According to a recently released study, we have seven million children out of primary school and another three million that will never enter a classroom. And when children make it to school, and later even college, studies have shown that the quality of ‘education’ imparted is abysmal.

Education is important not just because of the future employment prospects it provides. It is crucial for the generation of ideas and fostering the open-mindedness that is usually the characteristic of peaceful societies where it is more difficult for extremism or bigotry to find space. A society with relatively more access to education in its true sense, the real education that leads to creative thinking and enlightenment, is less prone to indulging in the sort of malice and stupidity to which Huxley referred.

To get back to the Azazel metaphor, the situation in Pakistan is such that the country keeps producing replicas where intolerance, in most cases fuelled by ignorance and lack of knowledge of the ‘other’, spreads like wildfire. The education system is complicit in this regard, where mischief-making syllabi instil divorced-from-reality notions of history, religion, world affairs or international relations.

A student who has gone through the full educational cycle, emerging at the other end with a BA degree, has the same notions of India, America, minorities or human rights as most of his compatriots, whether educated or not. His education makes him conform to Pakistan’s regressive thinking, and thus it spreads, leaving minds to be filled by extremist ideals and ideologies.

Education could save Pakistan even now. The task is difficult but, with sufficient political will, can be accomplished. The first step would lie in achieving literacy, and there are models available for that.

The Brazilian theorist Paulo Freire, who wrote the very influential Pedagogy of the Oppressed, set up in 1962 a project for adult literacy on an urgent basis — literacy was at that time a requirement for voting in Brazil’s presidential elections.

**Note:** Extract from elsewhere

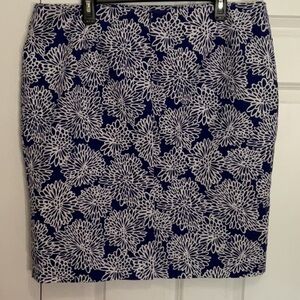 Blue & white floral. Excellent pre-owned condition. Beautiful fun skirt. Fully lined. Zipper back. Back slit.
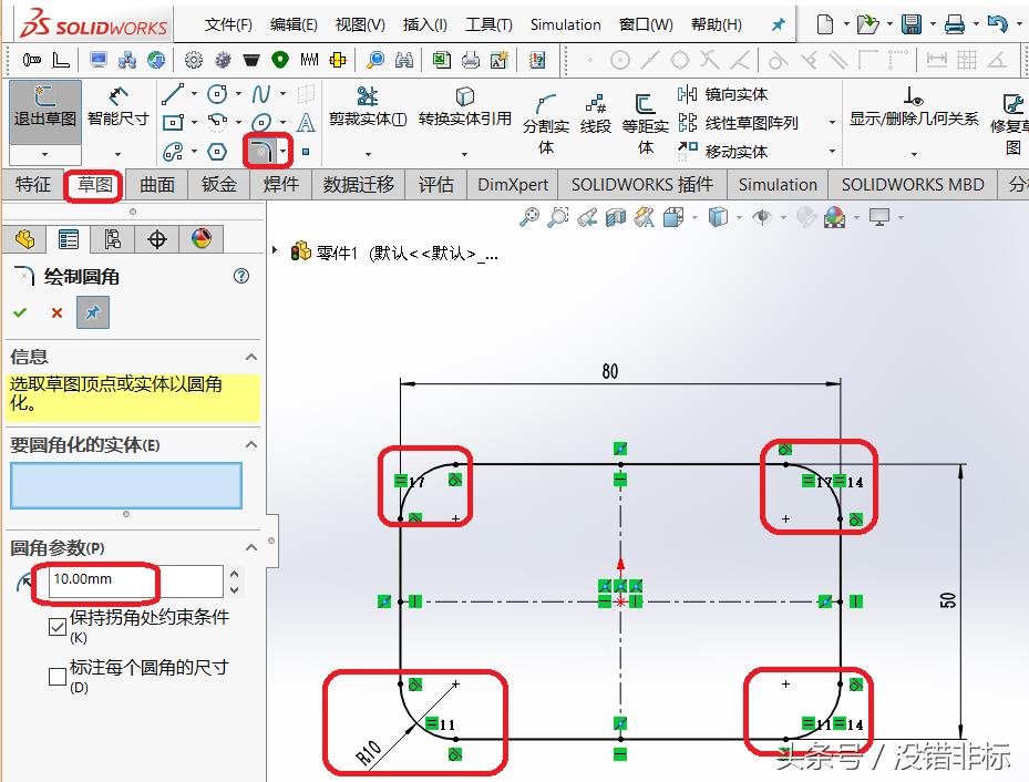 4、单击”草图“工具”栏中的“绘制圆角”命令按钮,绘制如图所示的四个圆角。

Through his methods, 300 sugarcane workers learned to read and write in just 45 days. The 1964 military coup put an end to that project but the effort to educate Brazilians continued.

Today, Brazil’s literacy rate is estimated around 90 per cent. More recently, an additional 2.5 million children were taught to read in two years in India’s Madhya Pradesh.

Conventional wisdom becomes conventional because it most often proves true. And conventional wisdom says that educated societies are less prone to espousing extreme views. A key solution to Pakistan’s ills — one that is being entirely ignored by the state — is education, first literacy and then the fostering of ideas that can change society and alter its current trajectory.

To quote Freire, “Education either functions as an instrument which is used to facilitate integration of the younger generation into the logic of the present system and bring about conformity or it becomes the practice of freedom, the means by which men and women deal critically and creatively with reality and discover how to participate in the transformation of their world.”